Пока я подыскивал слова, чтобы не показаться грубым или сентиментальным (в конце концов, он погиб три года тому назад), Марция с улыбкой пришла мне на помощь: «Когда я поняла, что произошло, у меня возникло такое ощущение, будто я стою посреди улицы абсолютно голая».

Тем самым из сферы эмоций мы вернулись на бренную землю, и я задал вполне уместный вопрос: «Когда это случилось?»

— Вчера вечером. Я поняла, что у меня нет сумочки, когда выходила из такси. Я ездила к Летти на уик-энд. Моррисон заплатил шоферу и открыл дверь своим ключом. Я, разумеется, сразу позвонила на вокзал, но ехала я на том поезде, что весь день курсируют взад-вперед, — дорогой, что за жизнь! — и он уже отправился в Брайтон. С моей любимой сумочкой. А потом кто-то просто взял ее себе!

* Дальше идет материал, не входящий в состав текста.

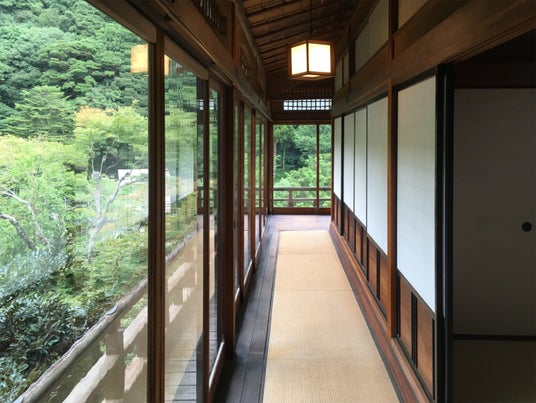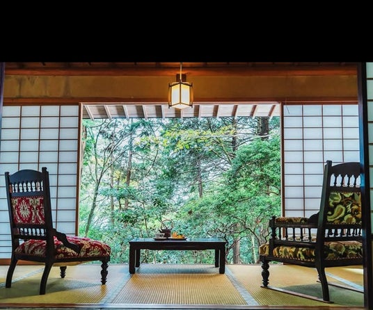 寿亭 水雲閣国登録有形文化財の水雲閣は皇族や文人も宿泊に訪れた旅館、寿亭の一室です。窓からは壮大な自然と御在所山頂へのロープウェイも眺められます。御在所は紅葉の名所でもあります。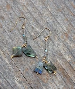 Gold dangle earring withΒ labradorite beads and 2 largeΒ labradorite stone drops.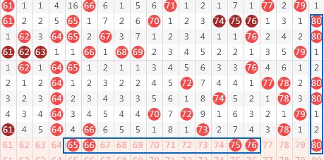 【第四区间61-80】:这个区间上期开出5个号码。本期推荐号码:65-66-75-76-80,65-66-75-76首先以区间同尾对子号码考虑,拆开来分析,65从出号周期看,近百期平均遗漏4期出号,截止2026016期刚好遗漏4期,开出概率较大,而66为此小区间偶数号码重号延续考虑,75为遗漏7期防守号码,76为同路形态,80偶数斜连和1-2-2-1形态。四区间推荐重点号码:66-76-80。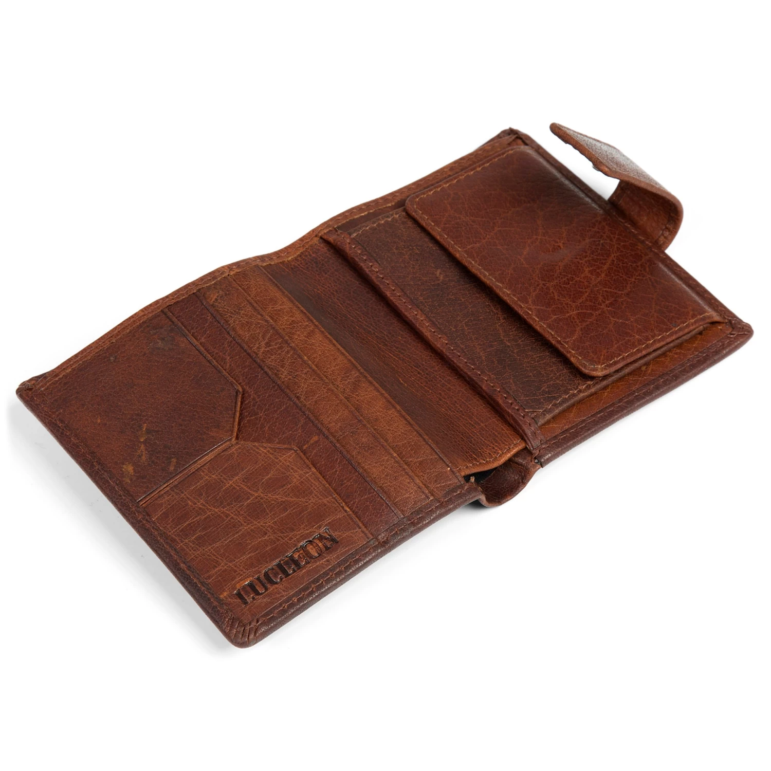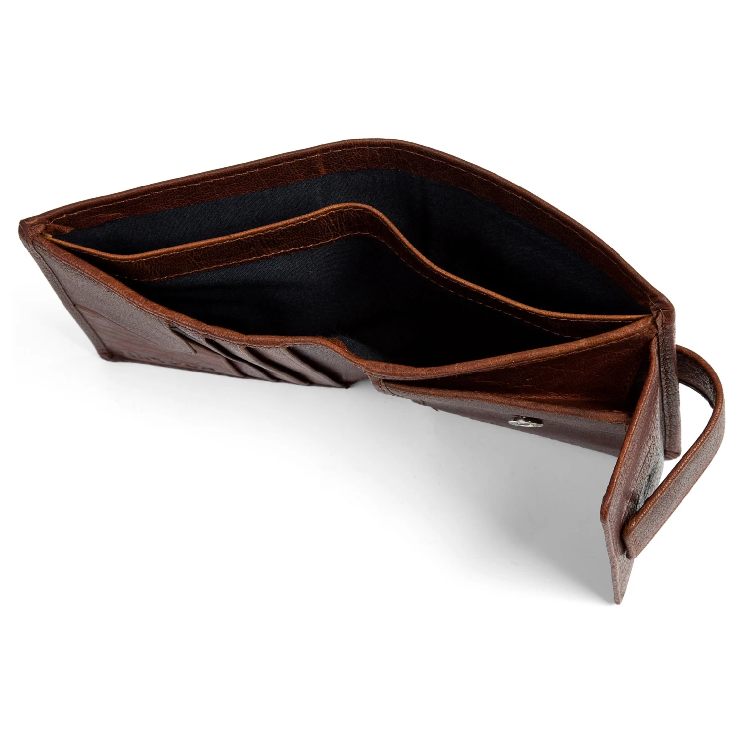 This wallet is roomier on the inside than it appears on the outside, with a divided bill compartment, 3 2-card slots, and a separate snap button coin pocket. A press-stud closure keeps your valuables safe.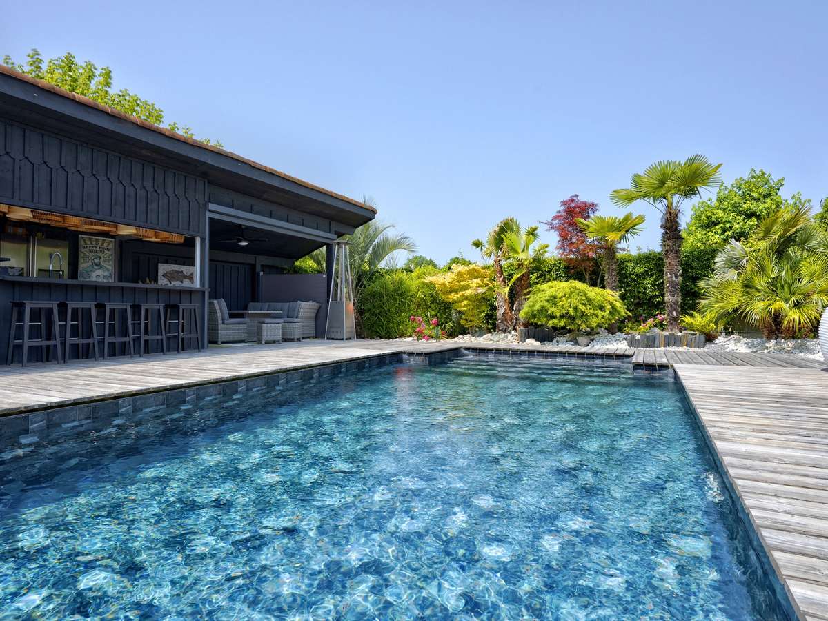 À l’extérieur, le jardin aux inspirations exotiques compose un écrin végétal particulièrement soigné. Piscine chauffée, jacuzzi, terrasses élégantes et pergolas bioclimatiques invitent à profiter pleinement des beaux jours dans un cadre intime et préservé.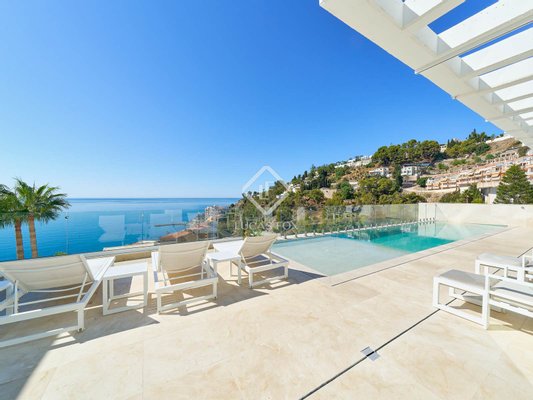 Lucas Fox präsentiert exklusiv die Villa Horizon, eine luxuriöse High-End-Villa mit zeitgenössischem Design und Blick auf das Mittelmeer. Es befindet sich in Almuñécar an der privilegierten Costa Tropical in Granada, einem einzigartigen Ort am Meer mit mehr als 300 Sonnentagen im Jahr.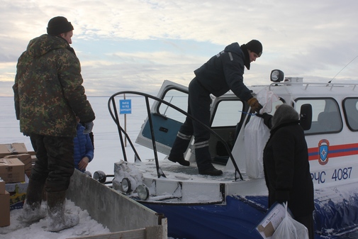 Помимо продуктов питания, лекарств, товаров первой необходимости, корреспонденции, пенсий спасатели доставляют на удаленные территории врачей и других специалистов, либо забирают с островов больных людей, которым требуется профессиональная медицинская помощь. В этот раз на остров прибыл почтальон, который привез пенсии жителям острова и несколько мешков с письмами, газетами и посылками - их с нетерпением ждали местные жители.

— Из Брайтона ничего не сообщили?

— Нет. Сегодня утром я снова звонила на вокзал.

— Но, Марция, дорогая… одну минуту, по-моему, нам надо выпить, — я заказал еще два двойных. Марция благодарно улыбнулась. — Что я хотел сказать… Как женщина может оставить сумочку в поезде? Сумочка — ее неотъемлемая часть. Ты должна была почувствовать себя абсолютно голой, едва выйдя на платформу.

— Все получилось так глупо. В поезде я читала журнал, сумочка лежала рядом. Потом я сунула журнал под мышку и… о, Дэвид, я такая идиотка, что не стоит даже говорить об этом.

— Я и не собирался, дорогая. Наоборот, хотел узнать, чем могу тебе помочь?

— Я знаю. Ты такой заботливый.

— Тебе же надо многое восстановить. Карточки, разные документы. Я могу что-нибудь сделать?

— Спасибо. Дэвид, но, как говорится, «поезд уже ушел», — она засмеялась. — Как и тот поезд с сумочкой, к сожалению. Я все утро носилась, как сумасшедшая, но документы и карточки уже у меня.

— Много там было денег?

— Около десять фунтов, и до начала следующего квартала еще далеко. Придется мне теперь жить скромнее. Но дело-то не в деньгах, а… в остальном.

Я понял, что она вновь думает о Десмонде. Марция, должно быть, это сразу почувствовала, она вообще очень сообразительная, потому что тут же продолжила:

— Я имею в виду сумочку. Страшно подумать, что мою любимую сумочку носит сейчас какая-то противная тетка в Брайтоне или где-то еще.

— Я ее видел?

— Конечно, дорогой, это же единственная сумочка, какая у меня была. Только теперь нет и ее.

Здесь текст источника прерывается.